_Exercise details_
Somewhere below is a line with "夜明けとともに公園のゲートが" and, later, a line with "Kanchi cotton saree"; repeat those two lines and all the lines between them, exactly as they are.
*** Given data Section Begins ***
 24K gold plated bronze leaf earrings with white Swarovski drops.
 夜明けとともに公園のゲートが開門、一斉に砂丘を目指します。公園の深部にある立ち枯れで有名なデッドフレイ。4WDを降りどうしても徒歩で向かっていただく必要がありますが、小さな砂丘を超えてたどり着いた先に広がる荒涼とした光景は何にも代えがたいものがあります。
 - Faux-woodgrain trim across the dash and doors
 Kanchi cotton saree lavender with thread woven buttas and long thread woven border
*** Given data Section Ends ***
*** Given data Section Begins ***
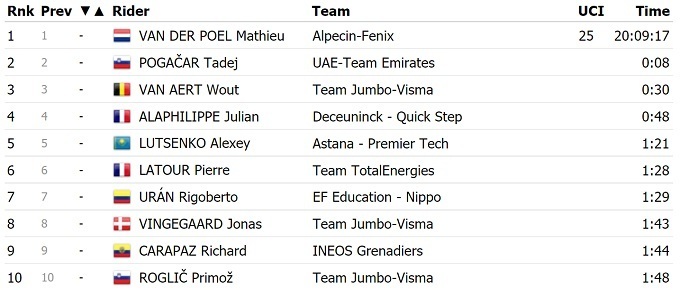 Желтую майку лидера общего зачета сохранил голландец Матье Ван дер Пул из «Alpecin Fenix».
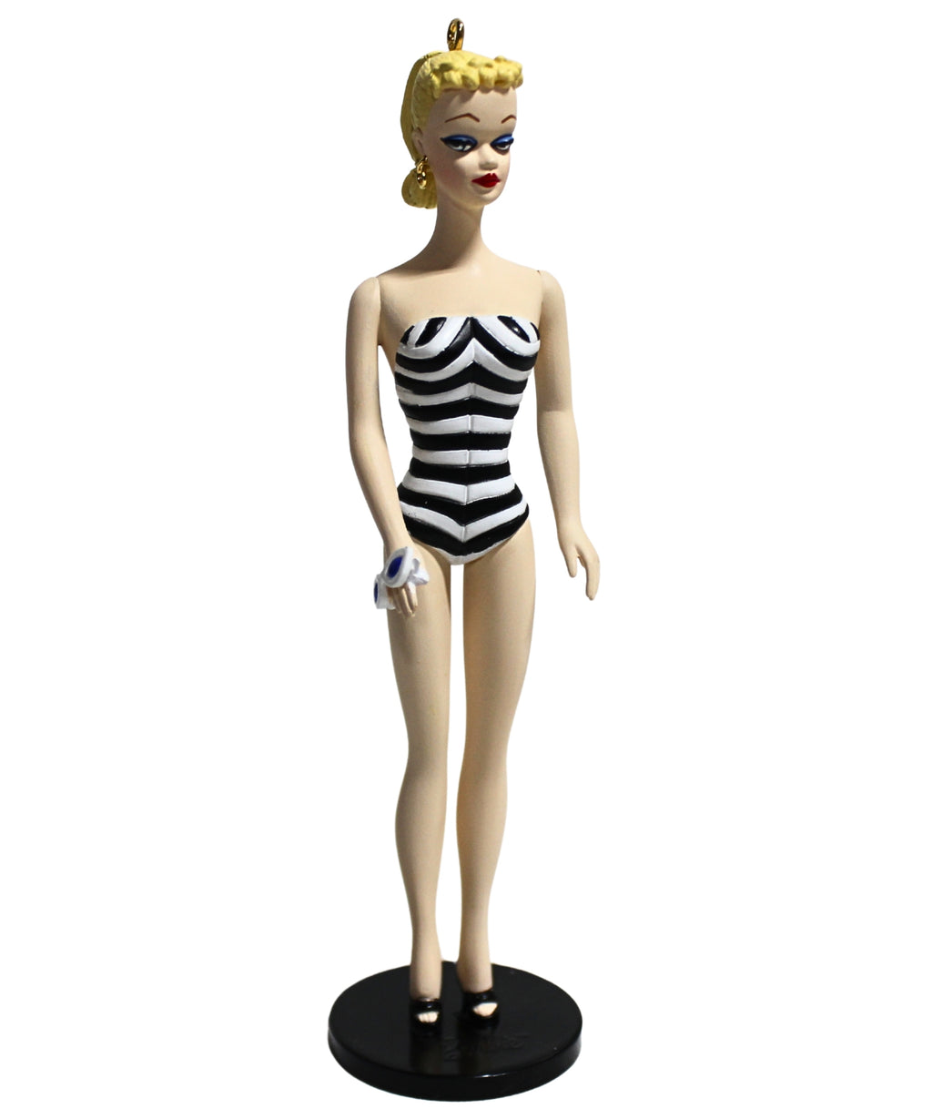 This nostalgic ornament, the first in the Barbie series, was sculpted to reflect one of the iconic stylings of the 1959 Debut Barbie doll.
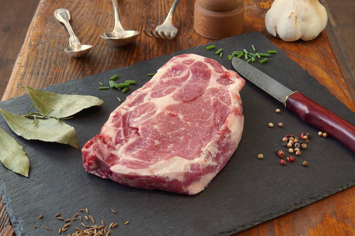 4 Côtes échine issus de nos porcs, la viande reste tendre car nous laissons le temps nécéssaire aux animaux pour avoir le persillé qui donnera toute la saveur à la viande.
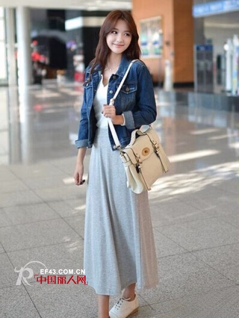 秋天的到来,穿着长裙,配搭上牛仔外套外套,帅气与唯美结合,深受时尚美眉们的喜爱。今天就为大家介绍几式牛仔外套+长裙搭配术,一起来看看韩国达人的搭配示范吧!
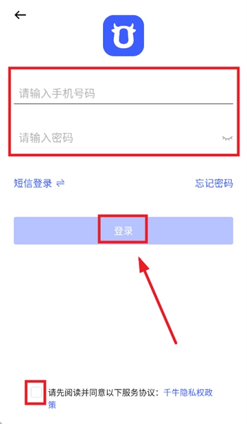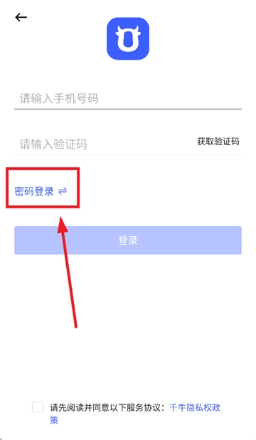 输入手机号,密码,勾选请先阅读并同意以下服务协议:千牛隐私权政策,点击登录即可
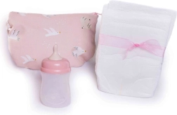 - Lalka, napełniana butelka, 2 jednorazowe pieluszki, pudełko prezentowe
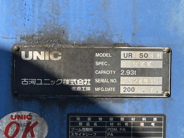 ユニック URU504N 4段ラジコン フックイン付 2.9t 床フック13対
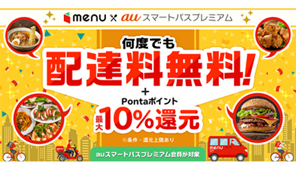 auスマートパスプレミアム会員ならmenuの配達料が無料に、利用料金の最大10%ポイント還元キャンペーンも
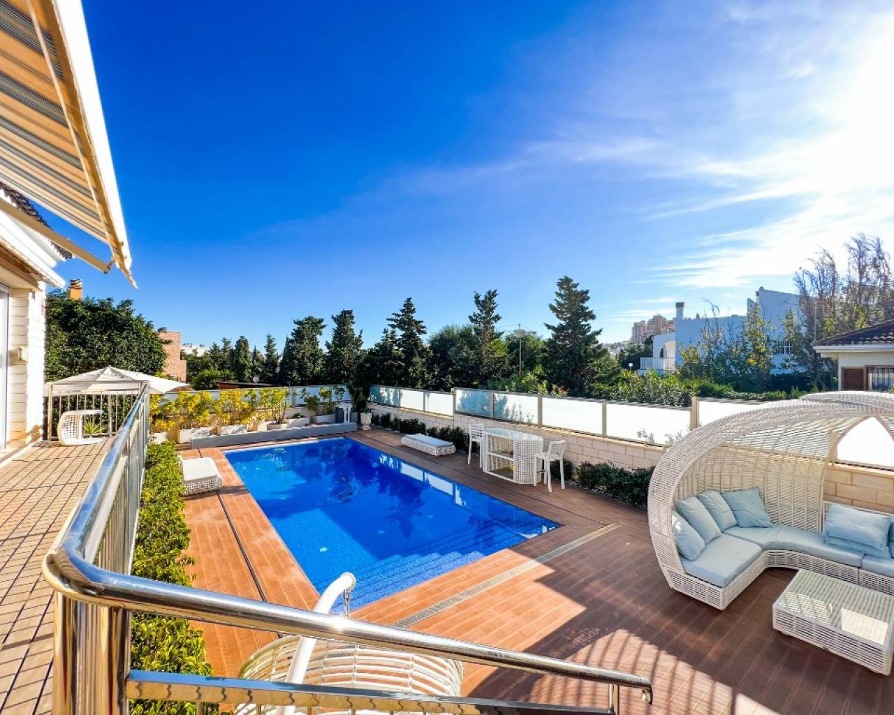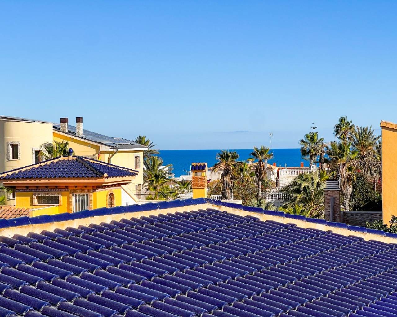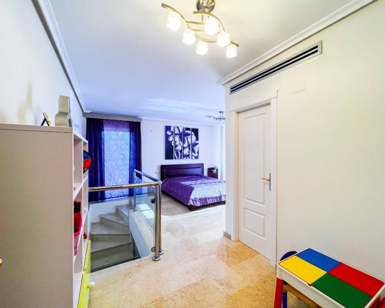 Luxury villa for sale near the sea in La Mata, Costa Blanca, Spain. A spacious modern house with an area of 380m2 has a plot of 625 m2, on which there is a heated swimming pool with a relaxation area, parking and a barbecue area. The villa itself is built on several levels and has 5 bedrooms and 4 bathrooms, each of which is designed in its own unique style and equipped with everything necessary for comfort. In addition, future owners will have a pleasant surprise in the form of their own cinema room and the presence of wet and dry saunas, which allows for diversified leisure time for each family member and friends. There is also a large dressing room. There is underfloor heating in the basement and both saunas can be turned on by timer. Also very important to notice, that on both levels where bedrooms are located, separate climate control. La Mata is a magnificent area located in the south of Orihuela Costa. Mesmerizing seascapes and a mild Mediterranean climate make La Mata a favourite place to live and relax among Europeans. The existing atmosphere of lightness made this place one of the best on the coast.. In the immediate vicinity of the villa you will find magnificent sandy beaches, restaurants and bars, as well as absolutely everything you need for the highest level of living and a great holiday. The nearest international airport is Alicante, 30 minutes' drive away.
*** Given data Section Ends ***
*** Given data Section Begins ***
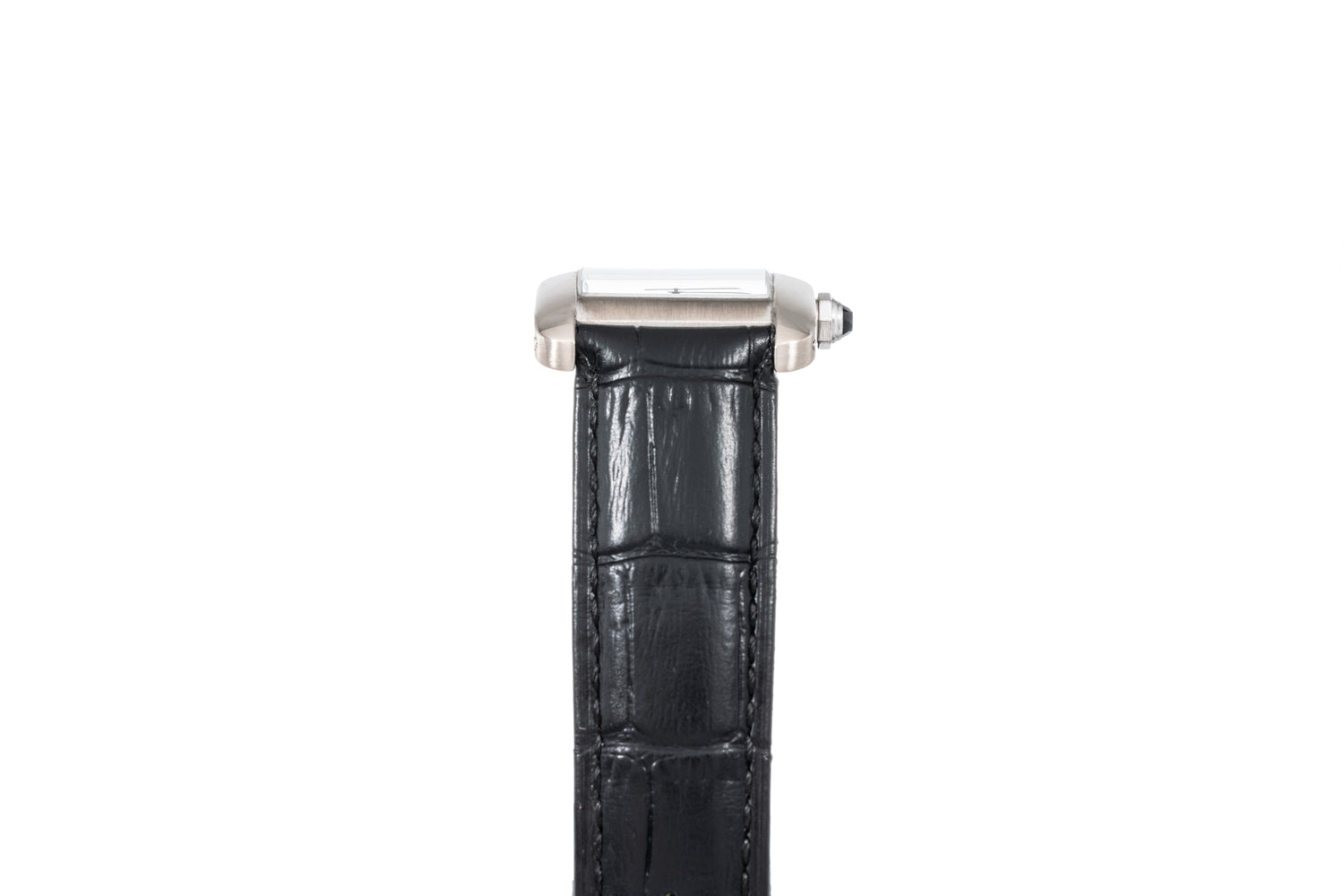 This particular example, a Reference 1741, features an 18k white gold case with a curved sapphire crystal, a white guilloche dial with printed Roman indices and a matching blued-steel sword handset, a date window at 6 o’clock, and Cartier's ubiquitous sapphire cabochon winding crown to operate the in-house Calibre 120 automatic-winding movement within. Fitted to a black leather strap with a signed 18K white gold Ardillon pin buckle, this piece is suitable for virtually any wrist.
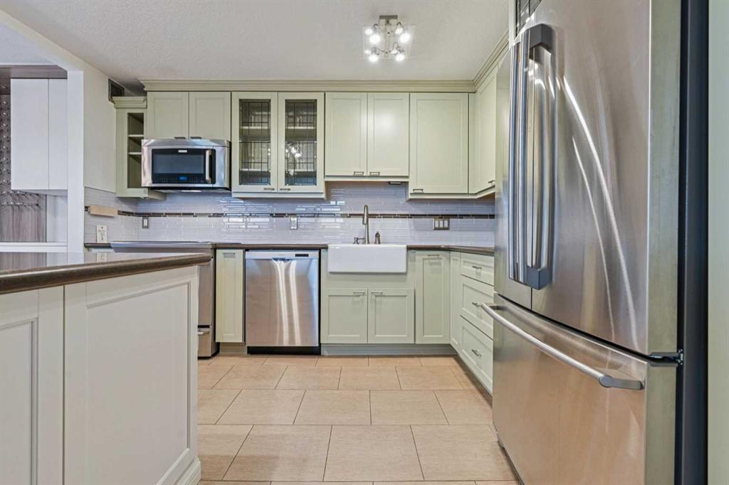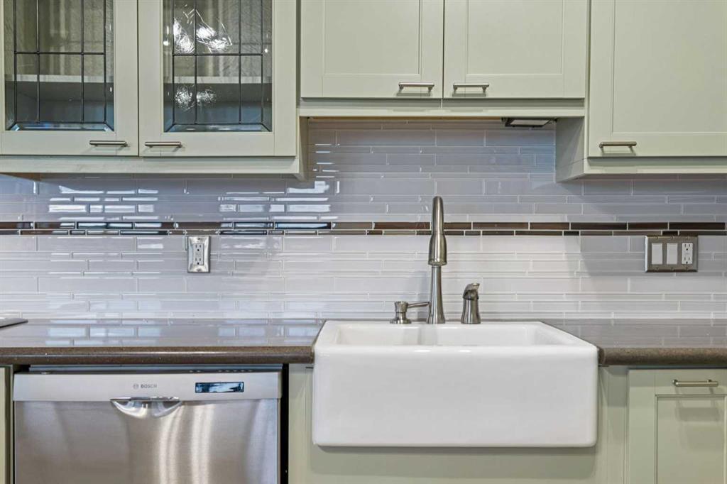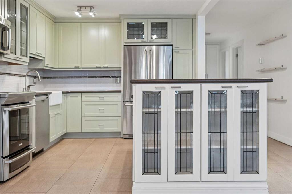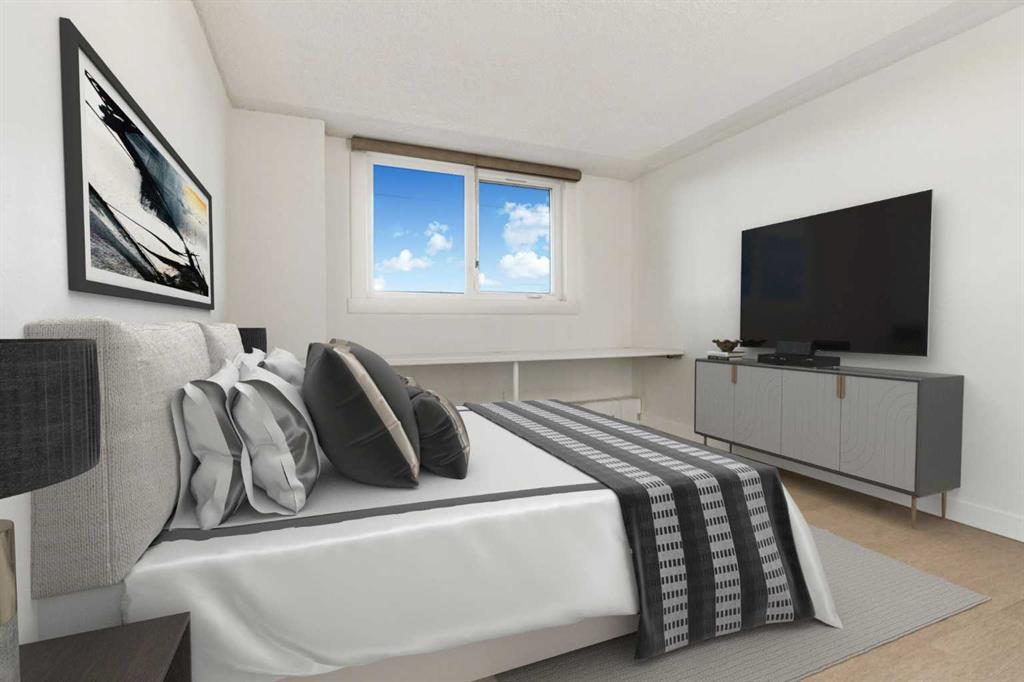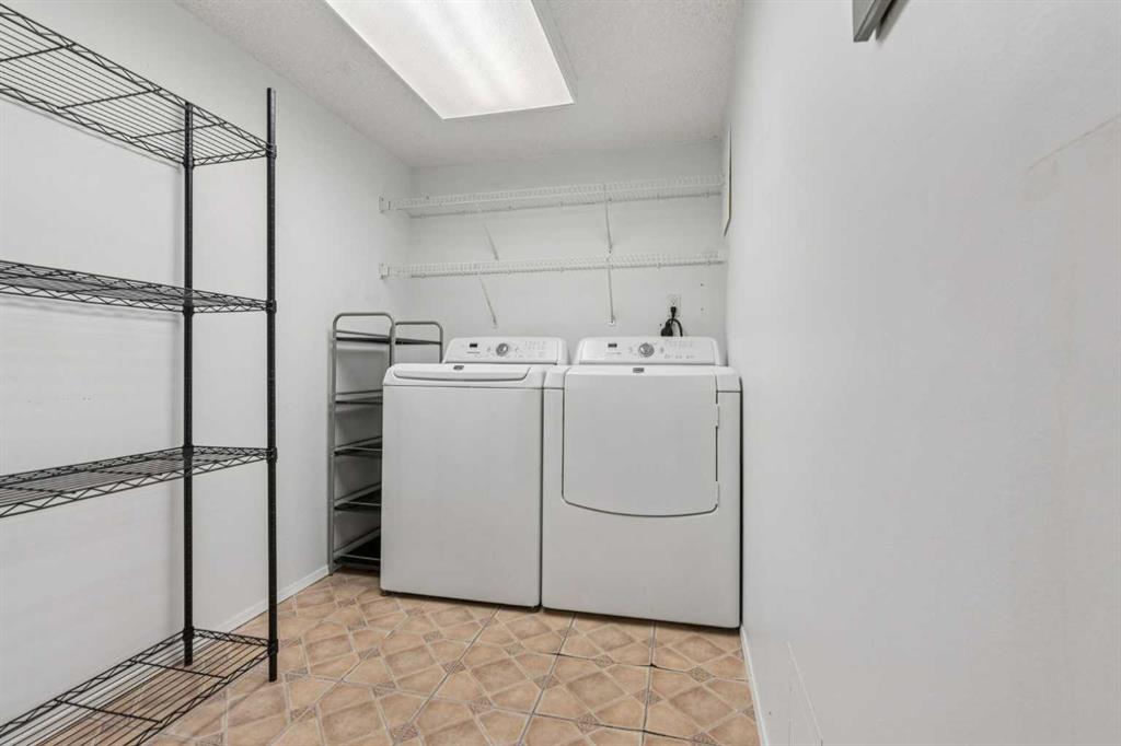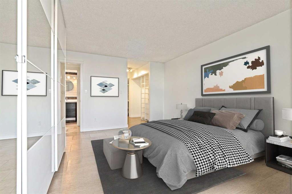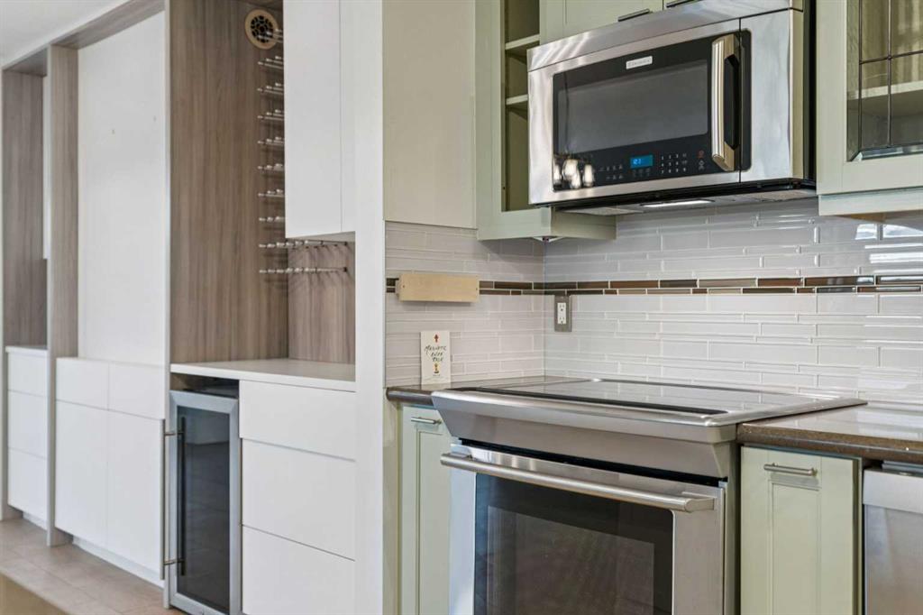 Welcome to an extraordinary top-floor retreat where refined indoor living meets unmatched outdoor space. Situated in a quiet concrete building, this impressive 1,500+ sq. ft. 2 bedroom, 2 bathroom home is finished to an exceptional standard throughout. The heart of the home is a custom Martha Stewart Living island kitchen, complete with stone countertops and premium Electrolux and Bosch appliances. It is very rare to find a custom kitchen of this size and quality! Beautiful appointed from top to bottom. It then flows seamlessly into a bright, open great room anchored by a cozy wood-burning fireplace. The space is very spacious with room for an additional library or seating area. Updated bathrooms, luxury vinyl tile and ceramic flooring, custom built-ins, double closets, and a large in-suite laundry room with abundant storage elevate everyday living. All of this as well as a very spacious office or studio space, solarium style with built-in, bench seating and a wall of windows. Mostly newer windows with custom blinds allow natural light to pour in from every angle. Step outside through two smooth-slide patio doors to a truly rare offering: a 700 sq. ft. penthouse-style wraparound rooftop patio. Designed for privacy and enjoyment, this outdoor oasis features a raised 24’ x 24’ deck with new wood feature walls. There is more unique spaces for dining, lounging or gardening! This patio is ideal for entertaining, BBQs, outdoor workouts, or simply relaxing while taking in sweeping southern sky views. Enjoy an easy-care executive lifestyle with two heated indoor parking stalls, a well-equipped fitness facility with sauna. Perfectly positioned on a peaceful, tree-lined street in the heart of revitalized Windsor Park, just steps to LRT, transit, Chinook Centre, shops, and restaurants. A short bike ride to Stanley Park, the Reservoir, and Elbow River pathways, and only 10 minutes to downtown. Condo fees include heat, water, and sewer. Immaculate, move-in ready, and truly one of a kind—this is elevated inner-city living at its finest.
*** Given data Section Ends ***
_Solution to this exercise_
 夜明けとともに公園のゲートが開門、一斉に砂丘を目指します。公園の深部にある立ち枯れで有名なデッドフレイ。4WDを降りどうしても徒歩で向かっていただく必要がありますが、小さな砂丘を超えてたどり着いた先に広がる荒涼とした光景は何にも代えがたいものがあります。
 - Faux-woodgrain trim across the dash and doors
 Kanchi cotton saree lavender with thread woven buttas and long thread woven border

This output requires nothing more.